Toussaint 2014 : que reste-t-il de De Gaulle ?

De Gaulle bras levésAlors que le 1er Novembre est l’occasion pour les catholiques de célébrer leurs saints, Démosthène 2012 s’autorise quelque détournement de tradition pour s’interroger sur ce qu’il reste des « saints » de la République, les « grands hommes » (ou femmes) de France qui ont contribué à affirmer la République et la Démocratie, à forger l’imaginaire collectif et parfois même la très discutée identité française. Parmi ces modèles, celui qui a sans doute pesé le plus fortement de manière individuelle dans l’histoire démocratique française est le général De Gaulle.
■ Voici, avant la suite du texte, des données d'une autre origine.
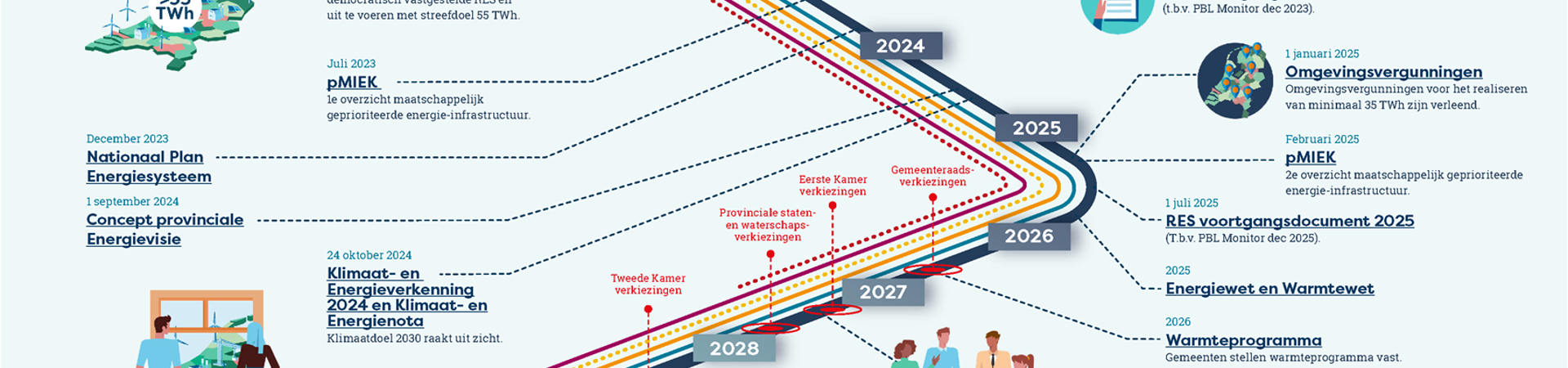 Het Nationaal Programma RES (NP RES) publiceert twee keer per jaar een 'foto' die inzicht geeft in waar de regio’s staan in het proces richting 2030. De tijdlijn "RES op weg naar 2030-2050" toont de planning en belangrijke mijlpalen van de RES tot aan 2050.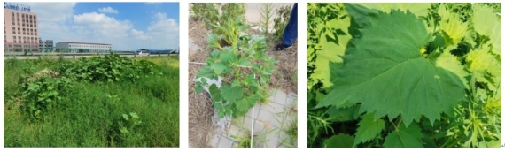 假苍耳主要生物学特征(左,生境;中,幼苗;右,叶片)

Résistant solitaire en 1940, sauveur de l’honneur français en 1944, homme providentiel en 1958, premier Président de la Ve République, il a marqué le régime d’une empreinte indépassable, au grand dam de ses successeurs. Aujourd’hui, le souvenir gaullien s’est dispersé un peu partout dans le paysage politique français, particulièrement à droite (Michèle Alliot Marie, Nicolas Dupont-Aignan, Florian Philippot), mais aussi à gauche (essentiellement Jean-Pierre Chevènement). Sarkozy lui-même n’a pas pu éviter un déjeuner avec les gaullistes, tout en tentant depuis son retour (si tant est qu’il soit jamais parti) de se donner des allures gaulliennes, ce qui, nous le verrons, relève de l’absurdité, si ce n’est de la franche marrade. Mais que reste-t-il vraiment de De Gaulle ?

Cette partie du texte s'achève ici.